JOURNAL OF MINERALOGY, PETROLOGY AND ECONOMIC GEOLOGY Volume 92, Issue 10

Chemical behavior of major and trace elements in the Horoman mantle diapir, Hidaka belt, Hokkaido, Japan

Petrochemical studies based mainly on major and trace element whole-rock XRF analyses have been made on the Horoman and the Nikanbetsu peridotite complexes, Hokkaido, Japan. Incompatible trace element abundances in peridotite samples were obtained by carefully examining the XRF lower limit of detection. The Horoman complex is divided into Lower and Upper Zones on the basis of geological and petrological features. There is a systematic variation between Mg# [100×Mg/(Mg+Fe)] and whole-rock chemical compositions in both zones. There are, however, several differences between the plagioclase lherzolite samples from the Upper Zone and those of the Lower Zone. First, the range of Mg# of the plagioclase lherzolite from the Upper Zone is more variable than that of the Lower Zone. Some samples from the Upper Zone have higher Mg# than the maximum values for plagioclase lherzolite from the Lower Zone. Such samples are significantly poor in Al₂O₃, CaO, TiO₂, Sr and Y. Second, there is a gap in TiO₂ content in the compositional trend for the plagioclase lherzolite from the Upper Zone. This observation enables the division of the plagioclase lherzolite into TiO₂-rich and-poor types. These results indicate that the compositional variation of the plagioclase lherzolite from the Upper Zone was caused by pervasive partial melting and variability in the extent of segregation of the partial melt. By contrast, the plagioclase lherzolite from the Lower Zone is inferred to have kept its original composition, which is consistent with petrographic evidence for no or very minor partial melting. Spinel lherzolite and harzburgite from the Horoman complex are rich in Sr and Ti relative to Zr and Y. Plagioclase lherzolite from the Upper Zone occurring close to the segregation vein has a character more enriched in melt component and was probably derived by addition of a melt component to the primitive mantle composition. The Nikanbetsu complex may have the same origin as the Horoman complex because of their similarity in major and trace compositions.

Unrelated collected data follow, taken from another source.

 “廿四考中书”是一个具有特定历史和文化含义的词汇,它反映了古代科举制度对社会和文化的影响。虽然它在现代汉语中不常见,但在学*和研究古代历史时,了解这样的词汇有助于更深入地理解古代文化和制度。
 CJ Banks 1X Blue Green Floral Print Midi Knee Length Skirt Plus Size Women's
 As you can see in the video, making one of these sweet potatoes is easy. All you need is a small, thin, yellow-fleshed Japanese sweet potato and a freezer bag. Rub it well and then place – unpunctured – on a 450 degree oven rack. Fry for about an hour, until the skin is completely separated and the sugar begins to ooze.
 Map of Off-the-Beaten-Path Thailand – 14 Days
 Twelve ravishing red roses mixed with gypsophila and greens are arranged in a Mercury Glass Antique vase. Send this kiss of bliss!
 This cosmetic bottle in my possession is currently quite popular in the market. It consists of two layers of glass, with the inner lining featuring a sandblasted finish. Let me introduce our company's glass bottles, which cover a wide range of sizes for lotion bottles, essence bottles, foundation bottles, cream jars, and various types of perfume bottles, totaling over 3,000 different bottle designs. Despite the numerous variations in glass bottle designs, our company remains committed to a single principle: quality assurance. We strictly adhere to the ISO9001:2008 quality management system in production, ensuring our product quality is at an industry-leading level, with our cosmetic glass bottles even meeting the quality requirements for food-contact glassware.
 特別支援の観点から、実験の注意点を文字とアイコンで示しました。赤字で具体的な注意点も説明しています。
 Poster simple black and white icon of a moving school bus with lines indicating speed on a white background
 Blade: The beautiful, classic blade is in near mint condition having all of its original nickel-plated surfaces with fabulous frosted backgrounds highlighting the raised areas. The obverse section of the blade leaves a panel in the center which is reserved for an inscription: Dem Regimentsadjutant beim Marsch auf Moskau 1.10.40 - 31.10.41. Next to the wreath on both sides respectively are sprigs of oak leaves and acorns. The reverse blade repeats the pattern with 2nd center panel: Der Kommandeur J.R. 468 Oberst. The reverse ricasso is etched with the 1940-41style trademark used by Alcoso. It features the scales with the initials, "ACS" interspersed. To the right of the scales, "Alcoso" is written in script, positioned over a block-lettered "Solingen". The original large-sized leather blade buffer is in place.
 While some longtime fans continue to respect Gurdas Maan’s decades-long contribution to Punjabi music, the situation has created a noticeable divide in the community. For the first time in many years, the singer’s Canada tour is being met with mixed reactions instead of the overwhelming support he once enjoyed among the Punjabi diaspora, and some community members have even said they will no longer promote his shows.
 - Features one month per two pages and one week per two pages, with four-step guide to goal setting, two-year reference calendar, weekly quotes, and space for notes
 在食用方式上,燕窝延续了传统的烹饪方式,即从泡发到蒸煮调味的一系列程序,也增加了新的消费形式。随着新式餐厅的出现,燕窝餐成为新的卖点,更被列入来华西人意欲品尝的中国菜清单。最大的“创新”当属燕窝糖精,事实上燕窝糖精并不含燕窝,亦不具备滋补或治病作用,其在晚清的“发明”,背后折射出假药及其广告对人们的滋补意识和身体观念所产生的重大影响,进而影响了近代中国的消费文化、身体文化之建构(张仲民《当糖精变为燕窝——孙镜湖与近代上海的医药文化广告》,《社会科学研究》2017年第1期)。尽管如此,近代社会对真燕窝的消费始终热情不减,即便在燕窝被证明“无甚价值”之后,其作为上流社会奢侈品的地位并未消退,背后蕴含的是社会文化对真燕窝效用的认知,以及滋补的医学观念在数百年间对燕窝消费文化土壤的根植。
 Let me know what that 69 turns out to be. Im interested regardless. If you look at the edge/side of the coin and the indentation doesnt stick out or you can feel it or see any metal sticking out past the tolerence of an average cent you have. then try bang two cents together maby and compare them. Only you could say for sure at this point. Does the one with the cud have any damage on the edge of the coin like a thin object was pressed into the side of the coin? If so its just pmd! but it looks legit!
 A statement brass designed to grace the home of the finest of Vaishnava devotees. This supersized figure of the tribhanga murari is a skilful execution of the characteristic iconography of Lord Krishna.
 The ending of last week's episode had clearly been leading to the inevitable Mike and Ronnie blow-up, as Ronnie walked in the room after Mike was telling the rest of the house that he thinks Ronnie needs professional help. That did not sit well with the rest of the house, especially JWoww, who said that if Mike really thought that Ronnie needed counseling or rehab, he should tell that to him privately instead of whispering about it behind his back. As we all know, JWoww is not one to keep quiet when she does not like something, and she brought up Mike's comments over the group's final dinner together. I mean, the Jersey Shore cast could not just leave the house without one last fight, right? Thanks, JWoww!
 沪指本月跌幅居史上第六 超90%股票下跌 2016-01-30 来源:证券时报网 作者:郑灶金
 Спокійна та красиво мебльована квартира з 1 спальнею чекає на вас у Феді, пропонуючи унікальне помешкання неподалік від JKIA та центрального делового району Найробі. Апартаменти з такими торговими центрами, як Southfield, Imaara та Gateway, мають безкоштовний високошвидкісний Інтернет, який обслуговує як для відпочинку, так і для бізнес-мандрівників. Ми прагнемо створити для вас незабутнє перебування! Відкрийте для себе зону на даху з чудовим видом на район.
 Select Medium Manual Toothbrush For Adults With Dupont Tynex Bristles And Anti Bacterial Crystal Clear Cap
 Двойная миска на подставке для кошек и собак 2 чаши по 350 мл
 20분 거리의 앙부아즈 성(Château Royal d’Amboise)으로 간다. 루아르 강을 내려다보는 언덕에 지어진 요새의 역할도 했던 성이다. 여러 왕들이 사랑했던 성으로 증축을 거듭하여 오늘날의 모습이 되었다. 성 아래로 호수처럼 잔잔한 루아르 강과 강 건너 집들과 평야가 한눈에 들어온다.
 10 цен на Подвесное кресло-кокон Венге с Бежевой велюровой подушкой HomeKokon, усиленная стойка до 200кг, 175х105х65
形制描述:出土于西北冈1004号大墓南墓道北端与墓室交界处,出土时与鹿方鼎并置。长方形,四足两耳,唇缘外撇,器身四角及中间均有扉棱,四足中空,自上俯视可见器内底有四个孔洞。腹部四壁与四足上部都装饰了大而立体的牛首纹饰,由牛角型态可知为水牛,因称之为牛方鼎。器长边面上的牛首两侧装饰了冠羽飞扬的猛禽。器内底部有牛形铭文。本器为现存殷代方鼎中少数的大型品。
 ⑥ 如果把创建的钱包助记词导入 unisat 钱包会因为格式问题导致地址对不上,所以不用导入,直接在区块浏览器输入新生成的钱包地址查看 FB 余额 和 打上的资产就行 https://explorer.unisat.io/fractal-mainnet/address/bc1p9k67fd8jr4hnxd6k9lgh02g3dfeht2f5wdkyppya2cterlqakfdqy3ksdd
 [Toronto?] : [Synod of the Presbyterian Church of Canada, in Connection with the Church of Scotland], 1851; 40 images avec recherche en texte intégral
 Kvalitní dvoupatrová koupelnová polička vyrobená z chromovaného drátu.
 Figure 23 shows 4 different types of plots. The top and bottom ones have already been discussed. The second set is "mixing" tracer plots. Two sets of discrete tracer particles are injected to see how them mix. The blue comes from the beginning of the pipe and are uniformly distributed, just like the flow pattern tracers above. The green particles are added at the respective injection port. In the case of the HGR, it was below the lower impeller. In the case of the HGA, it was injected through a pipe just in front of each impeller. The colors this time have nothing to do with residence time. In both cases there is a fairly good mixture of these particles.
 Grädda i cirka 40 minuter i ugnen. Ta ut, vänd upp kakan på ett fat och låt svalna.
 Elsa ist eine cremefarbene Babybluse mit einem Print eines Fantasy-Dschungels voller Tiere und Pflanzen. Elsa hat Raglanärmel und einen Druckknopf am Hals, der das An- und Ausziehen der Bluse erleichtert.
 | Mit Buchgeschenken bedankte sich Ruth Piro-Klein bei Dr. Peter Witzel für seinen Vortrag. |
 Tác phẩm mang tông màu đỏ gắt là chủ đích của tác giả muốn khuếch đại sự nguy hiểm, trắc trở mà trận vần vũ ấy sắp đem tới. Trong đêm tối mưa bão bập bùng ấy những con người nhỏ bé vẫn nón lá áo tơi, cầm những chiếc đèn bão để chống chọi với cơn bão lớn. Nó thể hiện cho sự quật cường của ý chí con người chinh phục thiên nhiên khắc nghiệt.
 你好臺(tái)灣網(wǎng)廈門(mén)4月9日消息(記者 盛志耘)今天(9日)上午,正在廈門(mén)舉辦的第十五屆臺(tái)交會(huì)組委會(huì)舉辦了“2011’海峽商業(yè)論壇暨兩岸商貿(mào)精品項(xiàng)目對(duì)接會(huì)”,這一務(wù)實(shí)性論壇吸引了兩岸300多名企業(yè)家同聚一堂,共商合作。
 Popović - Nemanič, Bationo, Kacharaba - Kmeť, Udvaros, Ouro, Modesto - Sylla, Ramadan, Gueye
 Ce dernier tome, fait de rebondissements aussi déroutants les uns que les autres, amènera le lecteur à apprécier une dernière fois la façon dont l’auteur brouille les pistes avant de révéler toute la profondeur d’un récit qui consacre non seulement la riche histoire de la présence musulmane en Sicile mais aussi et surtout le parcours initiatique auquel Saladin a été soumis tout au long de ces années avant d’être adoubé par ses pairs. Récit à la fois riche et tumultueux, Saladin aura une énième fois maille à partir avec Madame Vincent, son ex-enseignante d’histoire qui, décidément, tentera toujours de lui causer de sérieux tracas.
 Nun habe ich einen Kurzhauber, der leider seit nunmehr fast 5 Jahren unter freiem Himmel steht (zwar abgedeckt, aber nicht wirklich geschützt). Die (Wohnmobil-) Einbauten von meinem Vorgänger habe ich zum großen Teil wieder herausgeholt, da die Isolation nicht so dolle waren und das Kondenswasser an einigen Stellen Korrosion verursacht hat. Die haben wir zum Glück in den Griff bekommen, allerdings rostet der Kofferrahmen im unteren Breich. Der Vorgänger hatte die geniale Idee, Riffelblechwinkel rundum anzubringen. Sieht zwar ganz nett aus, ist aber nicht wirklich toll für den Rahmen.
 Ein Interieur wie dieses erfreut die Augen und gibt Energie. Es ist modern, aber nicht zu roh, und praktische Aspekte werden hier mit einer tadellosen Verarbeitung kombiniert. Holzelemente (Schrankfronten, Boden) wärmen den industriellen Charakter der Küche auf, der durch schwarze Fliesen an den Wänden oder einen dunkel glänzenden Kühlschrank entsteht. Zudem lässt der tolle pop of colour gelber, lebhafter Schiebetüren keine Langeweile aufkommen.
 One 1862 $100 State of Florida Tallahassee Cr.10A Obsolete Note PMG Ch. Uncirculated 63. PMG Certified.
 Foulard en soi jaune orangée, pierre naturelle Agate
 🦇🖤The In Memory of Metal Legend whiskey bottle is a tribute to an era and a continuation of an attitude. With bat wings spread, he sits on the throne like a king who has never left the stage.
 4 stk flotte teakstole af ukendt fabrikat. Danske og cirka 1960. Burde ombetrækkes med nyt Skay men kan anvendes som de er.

Petrological characteristics of basalts from the Miocene Nanamagari Formation in Ishikawa Prefecture

The Nanamagari Formation of the Miocene in the back-arc side of central Japan is composed mainly of silicic pyroclastic rocks associated with basaltic pyroclastic rocks and dikes. New and published K-Ar ages and biostratigraphic ages indicate that the basaltic volcanism occurred during 16-12 Ma. This volcanism may have associated with opening of the Japan Sea back-arc basin. By comparison with experimental data, we estimated that the possible primary magmas of these basalts were segregated from the upper mantle at about 1.4 GPa, 1330°C. The basaltic rocks show a trace element abundance pattern typical of island arc low-K basalts. The incompatible element ratios suggest that these basalts were derived from the mantle source similar to the magma source of basalts from the Quaternary volcanic front of northeast Japan.

Mn-Pyroxenes from Gangpur Group of rocks, Goriajhar, Orissa, India

Mn-pyroxenes in Gangpur Group of rocks around Goriajhar area, Sundargarh district, Orissa, India, are recorded in two different assemblages, namely: Mn silicate-oxide and Mn silicate-oxide-carbonate rocks. The petrography and chemical composition of these pyroxenes indicate them to be Mn-aegirines. These pyroxenes, with the composition Na_0.84-1.01 Ca_0.04-0.12 Mn_0.03-0.14 Mg_0.02-0.05 Fe³⁺_0.83-0.95 Al_0.02-0.05 [Si_1.92-1.98 O₆], usually show ∼7 mol.% of johannsenite component in the carbonate assemblage with low diopside (∼4 mol.%) and jadeite (<2.5 mol.%) components in both the assemblages. Presence of fine hematite needles within the aegirines is the result of high grade metamorphism (almandine-amphibolite facies) in the area.